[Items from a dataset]
>>>>

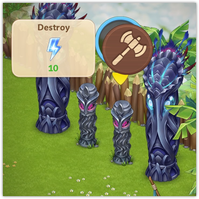 Once the defenders are defeated, the totems can be destroyed using either 10 or 25 energy, depending on their size.
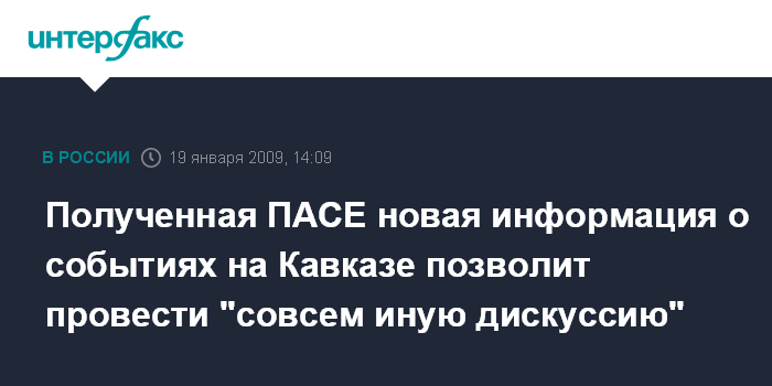 Полученная ПАСЕ новая информация о событиях на Кавказе позволит провести "совсем иную дискуссию"
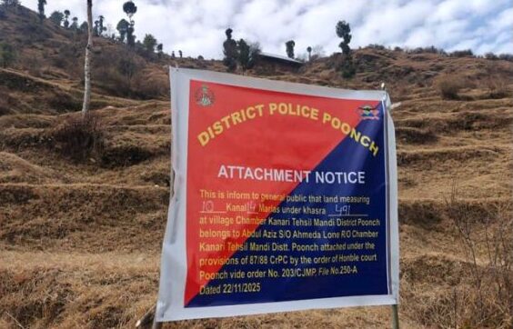 Poonch: Police on Thursday attached the immovable property of a “Pakistan-based terror handler” in Poonch district, officials said.
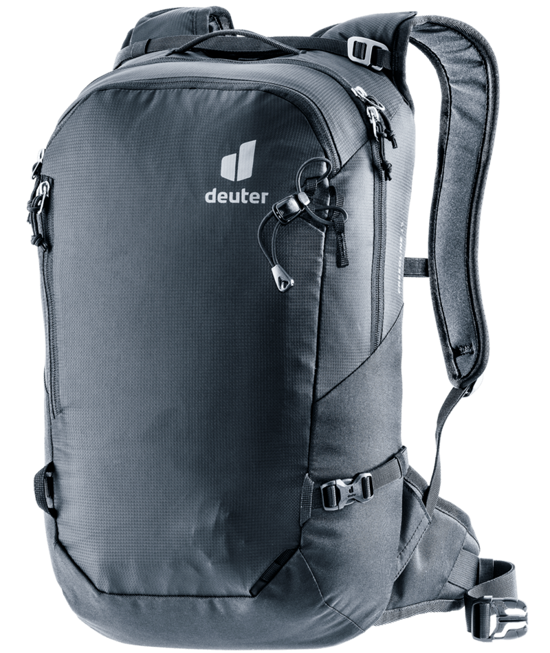A winter sports backpack for riders who enjoy the freedom of exploring on- and off-piste in safety. COMPACT FIT FOR FULL CONTROL All-mountain skiing or boarding means anything from big wide turns, challenging bumps, big air and floaty pow. When moving through such varied terrain the Freecline needs to create a solid fit and keep the load close to your center of gravity. And that’s down to the comfortable deuter Alpine back system with ergonomic shoulder straps, 2-way adjustable sternum strap and wrap-around hip fins. EFFECTIVE ORGANIZATION FOR ADAPTABILITY Quick access to extra layers or snacks in the main compartment, a well-organized and easy-to-access emergency equipment compartment inside, and an intuitive system for attaching skis or a snowboard make the Freecline a practical backcountry companion, especially when things get serious and safety equipment needs to be accessed fast. CLEVER FUNCTIONAL DESIGN If the attachment for an ice axe or poles isn’t needed, it can be used for attaching skis diagonally across the pack. And by linking the side compression straps, a snowboard is attached to the front in no time at all.
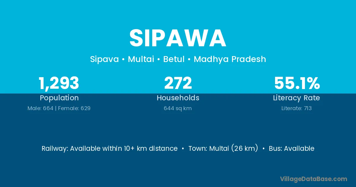 Multai (26 km) is the nearest town to Sipawa village for major economic activities and is located approximately 26 km away.
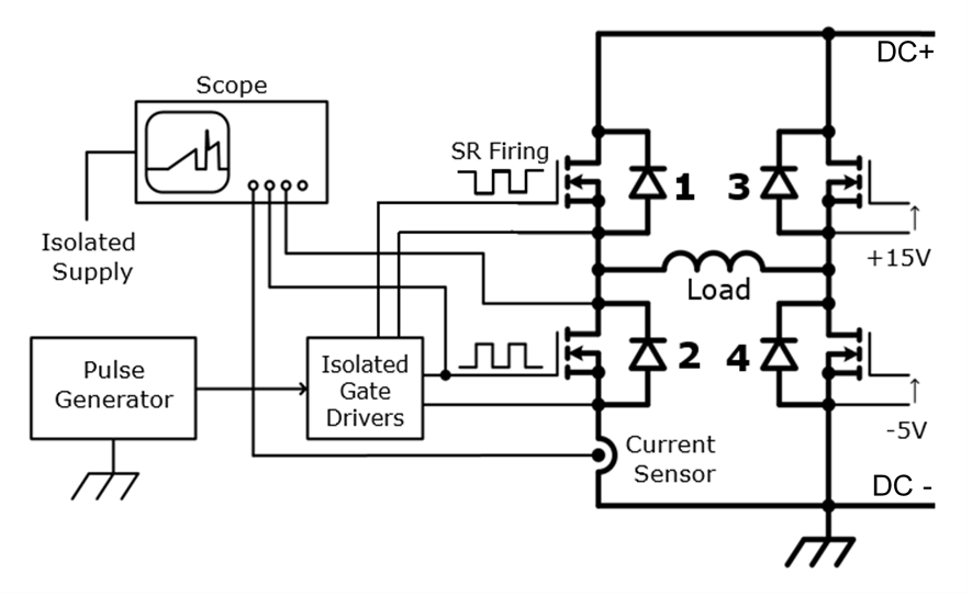 考虑到可能的电场干扰,最佳的双脉冲平台是全桥结构的,如图2所示。3管的门极给15V常开信号,4管则是处于常关,2管作为被测器件给予双脉冲信号。1管主要作用于续流,所以门极可以是常关信号,或者在使用MOS管时门极用同步整流信号。第1个脉冲来临时,电流经过3管和负载电感进入2管。为了得到一个期望的电流值,此脉冲需持续一定时长,时长可通过T=I*L/V来获得,其中L是负载电感值,I是期望电流,V是母线电压。当然实际中可以直接用示波器观察电流值来调整脉宽。

<<<<

* About this exercise
The records need to be restated word for word, minus any images.

* Response area
 Once the defenders are defeated, the totems can be destroyed using either 10 or 25 energy, depending on their size.
 Полученная ПАСЕ новая информация о событиях на Кавказе позволит провести "совсем иную дискуссию"
 Poonch: Police on Thursday attached the immovable property of a “Pakistan-based terror handler” in Poonch district, officials said.
A winter sports backpack for riders who enjoy the freedom of exploring on- and off-piste in safety. COMPACT FIT FOR FULL CONTROL All-mountain skiing or boarding means anything from big wide turns, challenging bumps, big air and floaty pow. When moving through such varied terrain the Freecline needs to create a solid fit and keep the load close to your center of gravity. And that’s down to the comfortable deuter Alpine back system with ergonomic shoulder straps, 2-way adjustable sternum strap and wrap-around hip fins. EFFECTIVE ORGANIZATION FOR ADAPTABILITY Quick access to extra layers or snacks in the main compartment, a well-organized and easy-to-access emergency equipment compartment inside, and an intuitive system for attaching skis or a snowboard make the Freecline a practical backcountry companion, especially when things get serious and safety equipment needs to be accessed fast. CLEVER FUNCTIONAL DESIGN If the attachment for an ice axe or poles isn’t needed, it can be used for attaching skis diagonally across the pack. And by linking the side compression straps, a snowboard is attached to the front in no time at all.
 Multai (26 km) is the nearest town to Sipawa village for major economic activities and is located approximately 26 km away.
 考虑到可能的电场干扰,最佳的双脉冲平台是全桥结构的,如图2所示。3管的门极给15V常开信号,4管则是处于常关,2管作为被测器件给予双脉冲信号。1管主要作用于续流,所以门极可以是常关信号,或者在使用MOS管时门极用同步整流信号。第1个脉冲来临时,电流经过3管和负载电感进入2管。为了得到一个期望的电流值,此脉冲需持续一定时长,时长可通过T=I*L/V来获得,其中L是负载电感值,I是期望电流,V是母线电压。当然实际中可以直接用示波器观察电流值来调整脉宽。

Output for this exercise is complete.